Don Brown let out a sigh and a trailing “you know” before pausing.

Standing in the Schembechler Hall lobby last week, he had just been asked for his assessment of his defense through two weeks. The indecision in his initial reaction continued throughout his answer as he shuffled between positives and negatives, resistant to any grand declarations.

The evidence for each came naturally. In its first two games, every regulation touchdown that Michigan’s first-team defense allowed came off a turnover. And yet, the Wolverines were 50th in Division I with 21 points per game allowed despite not facing a Power Five team.

All of that, though, was before the bye week.

“We haven’t been playing the best football we can play,” said senior safety Josh Metellus. “And we know that we’ve got guys in this building whose potential is way up here. We’re not reaching that.”

A bye week, of course, isn’t some magic cure. Wisconsin had one of its own and was off a start in which it outscored opposition, 110-0.

Still, it’s an opportunity for Michigan to look itself in the mirror and diagnose what went wrong in its underwhelming start.
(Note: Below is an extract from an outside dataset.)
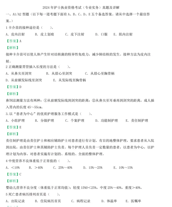 >【护士资格考试】2026备考历年真题及答案pdf电子版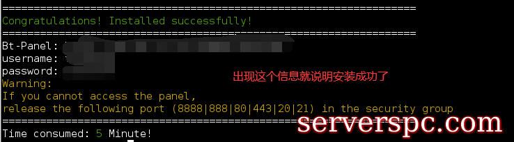 3. 我们耐心等待一会儿,等宝塔面板自动安装完成(中间若出现是否安装*Y/N?时,我们只需要输入y就行了)。

The Wolverines will hold most of that diagnosis close to their chest until Saturday, but junior defensive tackle Donovan Jeter’s return to full health is one piece of the puzzle that can’t be hidden.

“Donovan’s a really aggressive player,” said junior defensive tackle Ben Mason. “He adds a lot. Big guy, comes off the ball hard. So it should a good add for us this week.”

After missing the opener against Middle Tennessee State, Jeter returned against Army in week two, but was limited to a few snaps. It stood in direct contrast to the expectations that bubbled for him throughout the spring, when he was one of Michigan’s most hyped players.

For months, this was supposed to be Jeter’s breakout after two years of sitting behind a deep defensive line that graduated both starters last offseason. “You get tired of sitting on the bench,” Jeter said Tuesday, reflecting on those two years.

But instead of a breakthrough, Jeter got hurt. Meanwhile, Mason struggled and senior Michael Dwumfour played one snap before getting sidelined with an injury of his own.

“It was frustrating cause I obviously want to be out there helping the team,” Jeter said. “But luckily it was just one week, nothing too severe. It could’ve been worse, I missed my freshman year with something a lot worse. It was frustrating, but at the end of the day, it was only one week.”

The resulting adjustment had a domino effect down Michigan’s defense. Sophomore defensive end Aidan Hutchinson moved to tackle beside Carlo Kemp, while senior linebacker Josh Uche had to move into an every-down role on the front four.

Against MTSU and Army, that speed-heavy look mostly worked. But Wisconsin wins games in the trenches, by pounding the ball up the middle with All-American running back Jonathan Taylor.

Metellus wants to come back to Ann Arbor on Sunday and say, “This team is playing the best football right now. This team is reaching strides. This team is moving up better than we were the past couple weeks. This team is really doing something that we’re capable of.”

To make that a reality, the Wolverines will need to stop Taylor. They’ll need to make good on two weeks of post-Army adjustments. And, most likely, they’ll need Jeter.